Add the Java agent to the ZooKeeper systemd service. Open the ZooKeeper unit file.

sudo vim /etc/systemd/system/zookeeper.service

Add the KAFKA_OPTS or EXTRA_ARGS environment variable. ZooKeeper uses port 7072 to avoid conflicts with the broker exporter.

[Service]
Type=simple
User=kafka
Environment="JAVA_HOME=/usr/lib/jvm/java-17-openjdk-amd64"
Environment="KAFKA_OPTS=-javaagent:/opt/jmx-exporter/jmx_prometheus_javaagent-1.0.1.jar=7072:/opt/jmx-exporter/zookeeper.yml"
ExecStart=/opt/kafka/bin/zookeeper-server-start.sh /opt/kafka/config/zookeeper.properties
ExecStop=/opt/kafka/bin/zookeeper-server-stop.sh
Restart=on-abnormal

Restart ZooKeeper and verify the exporter is running.

$ sudo systemctl daemon-reload
$ sudo systemctl restart zookeeper
$ curl -s http://localhost:7072/metrics | grep zookeeper_ | head -5
zookeeper_avgrequestlatency 0.0
zookeeper_maxrequestlatency 12.0
zookeeper_numalivedconnections 2.0
zookeeper_outstandingrequests 0.0
zookeeper_packetsreceived 145.0

Step 3: Install kafka_exporter for Topic and Consumer Metrics

The JMX Exporter gives you broker-level metrics, but it does not expose per-topic consumer lag or consumer group offsets directly. For that, use kafka_exporter by danielqsj, which connects to Kafka as a client and exports topic, partition, and consumer group metrics.

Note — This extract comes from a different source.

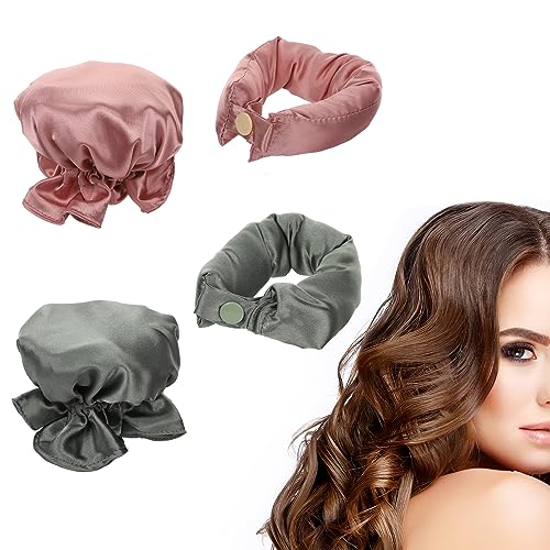 4st Heatless Satin Hair Curler, Soft No Heat Hair Curlers Hair Rollers Heatless Lockar med Hårkepsar Heatless Curling Pannband Satin för Långt Hår (Rosa, Grön)

Download and install kafka_exporter on any server that has network access to the Kafka cluster.

$ cd /tmp
$ wget https://github.com/danielqsj/kafka_exporter/releases/download/v1.8.0/kafka_exporter-1.8.0.linux-amd64.tar.gz
$ tar xzf kafka_exporter-1.8.0.linux-amd64.tar.gz
$ sudo mv kafka_exporter-1.8.0.linux-amd64/kafka_exporter /usr/local/bin/
$ kafka_exporter --version
kafka_exporter 1.8.0

Create a systemd service for kafka_exporter.

sudo vim /etc/systemd/system/kafka-exporter.service

Add the following content. Replace the broker addresses with your actual Kafka broker IPs or hostnames.

[Unit]
Description=Kafka Exporter
After=network.target

[Service]
Type=simple
User=nobody
ExecStart=/usr/local/bin/kafka_exporter \
  --kafka.server=10.0.1.10:9092 \
  --kafka.server=10.0.1.11:9092 \
  --kafka.server=10.0.1.12:9092 \
  --topic.filter=".*" \
  --group.filter=".*" \
  --web.listen-address=:9308
Restart=on-failure
RestartSec=5

[Install]
WantedBy=multi-user.target

Enable and start the service.

sudo systemctl daemon-reload
sudo systemctl enable --now kafka-exporter

Verify kafka_exporter is running and returning metrics.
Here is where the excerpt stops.